The history of AI is built upon the work of many people, not just a few recognized individuals. Fei-Fei Li explains that AI is a field that is now 70 years old and has progressed through generations of researchers. She acknowledges that while our culture, especially in Silicon Valley, tends to assign achievements to a single person, it's important to remember the countless heroes and researchers who have contributed.

AI is a field of, at this point, 70 years old, and we have gone through many generations. No one could have gotten here by themselves.

No single person could have advanced the field to where it is today on their own. The progress is a result of a long and collaborative history.

AI's limitations highlight the need for new breakthroughs

23:53 - 29:50

The term Artificial General Intelligence, or AGI, is often used, but it lacks a clear scientific definition. Fei-Fei Li views it as more of a marketing term. She believes the true north star for the field of AI remains the original, audacious question: can machines think and do things in the way humans can? From this perspective, there isn't a significant distinction between AI and AGI. The goal has always been to achieve this level of intelligence.

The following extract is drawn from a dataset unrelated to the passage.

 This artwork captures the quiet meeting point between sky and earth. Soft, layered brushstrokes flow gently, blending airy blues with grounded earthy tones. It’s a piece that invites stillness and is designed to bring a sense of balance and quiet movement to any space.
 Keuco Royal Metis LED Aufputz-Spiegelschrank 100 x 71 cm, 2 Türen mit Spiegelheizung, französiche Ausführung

While the current approach of using more data, more GPUs, and larger models has led to progress, it is not sufficient to reach this goal. Fei-Fei asserts that more innovation is desperately needed. She points out that AI is one of the youngest scientific disciplines, and we are still just scratching the surface of what is possible. There are many simple things that AI still cannot do, such as counting the number of chairs in a video of a room, a task a toddler could easily perform.

Furthermore, AI lacks higher-level human capabilities like creativity, abstraction, and emotional intelligence. For instance, even with all the modern data on celestial bodies, current AI cannot derive the 17th-century equations for the laws of motion that Isaac Newton did.

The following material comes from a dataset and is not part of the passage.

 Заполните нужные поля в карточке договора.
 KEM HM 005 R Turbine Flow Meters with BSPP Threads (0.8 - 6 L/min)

That level of creativity, extrapolation, abstraction, we have no way of enabling AI to do that today.

Similarly, today's conversational bots cannot replicate the emotional and cognitive intelligence of a teacher having a nuanced conversation with a student about their motivations and passions. The gap between current AI and human-level intelligence remains vast, indicating that significant breakthroughs are still required.

Moving beyond language models to spatial intelligence

29:51 - 39:32

While large language models were incredibly inspiring, Fei-Fei Li saw the need to push AI beyond language. Humans use a sense of spatial intelligence to navigate the world, a faculty that is often non-verbal. She points to a chaotic first responder scene as an example. The way people organize themselves to rescue others and control the situation relies on movement, a spontaneous understanding of objects, and situational awareness. Language is only a part of that; it cannot, by itself, put out a fire.

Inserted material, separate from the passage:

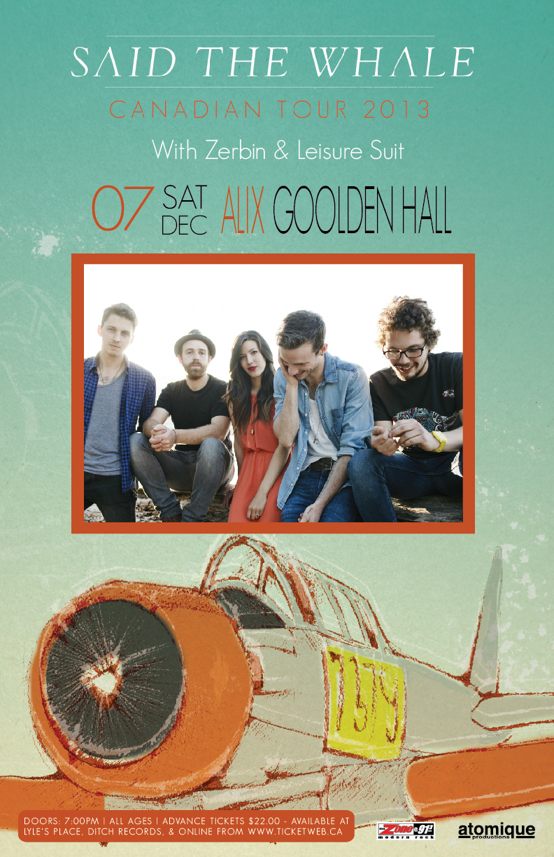 Said the Whale, Zerbin, Leisure Suit @ Alix Goolden Performance Hall Dec 7 2013 - Feb 8th @ Alix Goolden Performance Hall

This led to her focus on "world models," which she sees as the linchpin connecting visual intelligence, robotics (embodied AI), and language. It's about giving AI a sense of spatial intelligence. To advance this work, she founded a company called World Labs. A world model is a foundation that allows anyone to create, interact with, and reason within a generated world.

A simple way to understand a world model is that this model can allow anyone to create any worlds in their mind's eye by prompting, whether it's an image or sentence, and also be able to interact in this world, whether you're browsing and walking or picking objects up or changing things, as well as to reason within this world.

This technology is a key missing piece for embodied AI, making functional robots a more tangible reality. However, its applications extend far beyond robotics. Humans, as embodied agents, can also be augmented by this spatial intelligence, much like LLMs assist with language tasks today. Other applications include creating infinitely playable games, aiding in design, and accelerating scientific discovery. Fei-Fei highlights the discovery of DNA's double helix structure, where Watson and Crick had to reason in 3D from a flat 2D X-ray photo. AI-assisted spatial intelligence could be critical for future breakthroughs of this kind.

Why the bitter lesson of AI may not apply to robotics

40:36 - 48:02

The "bitter lesson" in AI, a concept from Turing Award winner Richard Sutton, suggests that simpler models with vast amounts of data ultimately outperform more complex models with less data. Fei-Fei Li notes that while this lesson was sweet for her work on ImageNet, its application to robotics is not straightforward. The primary challenge is that robotics lacks the perfect alignment found in language models.

Language models had this perfect setup where their training data are in words, eventually tokens, and then they produce a model that outputs words. So you have this perfect alignment... But robotics is different. You hope to get actions out of robots, but your training data lacks actions in 3D worlds.

This misalignment means researchers must find ways to supplement data, using methods like teleoperation or synthetic data. Furthermore, robots are physical systems, more akin to self-driving cars than to a large language model. This physicality introduces immense complexity. The journey of self-driving cars, from a DARPA challenge in 2005 to today's street-legal vehicles, has taken nearly 20 years and is still incomplete. Yet, the problem for self-driving cars is simpler.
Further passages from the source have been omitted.